«Les mêmes pratiques désignées comme illégales par la Commission européenne, voici presque trois ans, sont à nouveau d'actualité avec Vista, le nouveau système d'exploitation de Microsoft. Cela étouffera la compétition sur les marchés du PC et des serveurs.» Le communiqué de l'ECIS (European Committee for Interoperable Systems) n'est guère ambigu.
Le leader mondial des logiciels n'est pas encore sorti du dossier antitrust lié à Windows XP et à l'abus de position dominante qui lui a valu une amende de 497 millions d'euros. L'ECIS, qui regroupe des éditeurs concurrents comme Adobe, IBM, Nokia, Opera et Oracle, l'accuse donc d'avoir récidivé avec Vista.
«Avec Vista, Microsoft a clairement choisi d'ignorer les principes fondamentaux de la décision de la Commission datant de mars 2004, dénonce Simon Awde, président de l'ECIS, dans un communiqué. Vista est la première étape dans la stratégie de Microsoft visant à étendre à l'Internet sa domination sur le marché du logiciel.»

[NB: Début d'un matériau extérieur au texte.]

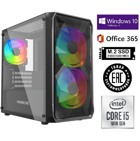 Системный блок SH-Intel Core i5-12400F/H610/DDR4 16Gb/SSD M.2 512Gb/GT 1030 2Gb/Powercase Mistral Evo Air-Black

Thomas Vinje, conseiller de l'ECIS et porte-parole pour cette question, n'est pas moins virulent : «Microsoft cherche à imposer ses propres standards Windows-dépendants et à remplacer les standards ouverts actuels, qui ont largement convaincu l'industrie, permettent une compétition ouverte et promeuvent l'innovation. Le résultat final sera l'absence durable de tout choix réel pour le consommateur, des années à attendre que Microsoft améliore - ou même corrige les bugs - de ses produits monopolistiques, et bien sûr des prix élevés.»
La «fin d'une époque» pour Microsoft
Quoi qu'il en soit, le lancement de Vista marquera un changement radical dans les méthodes de travail de Microsoft. Michael Cusumano, expert en logiciel et professeur de management au MIT (cité par le Financial Times), n'hésite pas à parler de la «fin d'une époque». En cause, selon lui : le «traumatisme interne» causé par son travail sur Vista. Et qui peut se résumer par l'expression «plus jamais». A l'avenir, si l'on en croit l'expert, Microsoft produira des renouvellements moins ambitieux et plus fréquents à Windows.
La «nouvelle ère» est également liée aux logiciels purement on-line, tels que ceux déjà proposés par Google. Microsoft devra recentrer son attention sur ces services en ligne, plutôt que sur des programmes à installer sur un disque dur, comme typiquement Windows. La pression pour cette transformation se fera d'abord sentir sur la suite logicielle Office, déjà concurrencée par des produits on-line chez Google et d'autres.
Bien sûr, le business de Microsoft ne changera pas du jour au lendemain. A court terme, Windows Vista devrait enclencher un nouveau cycle commercial puissant pour le géant de Redmond. Car Windows reste une machine à cash incroyable. Et Vista pourrait stimuler la demande pour une gamme d'autres produits et services «made by Microsoft».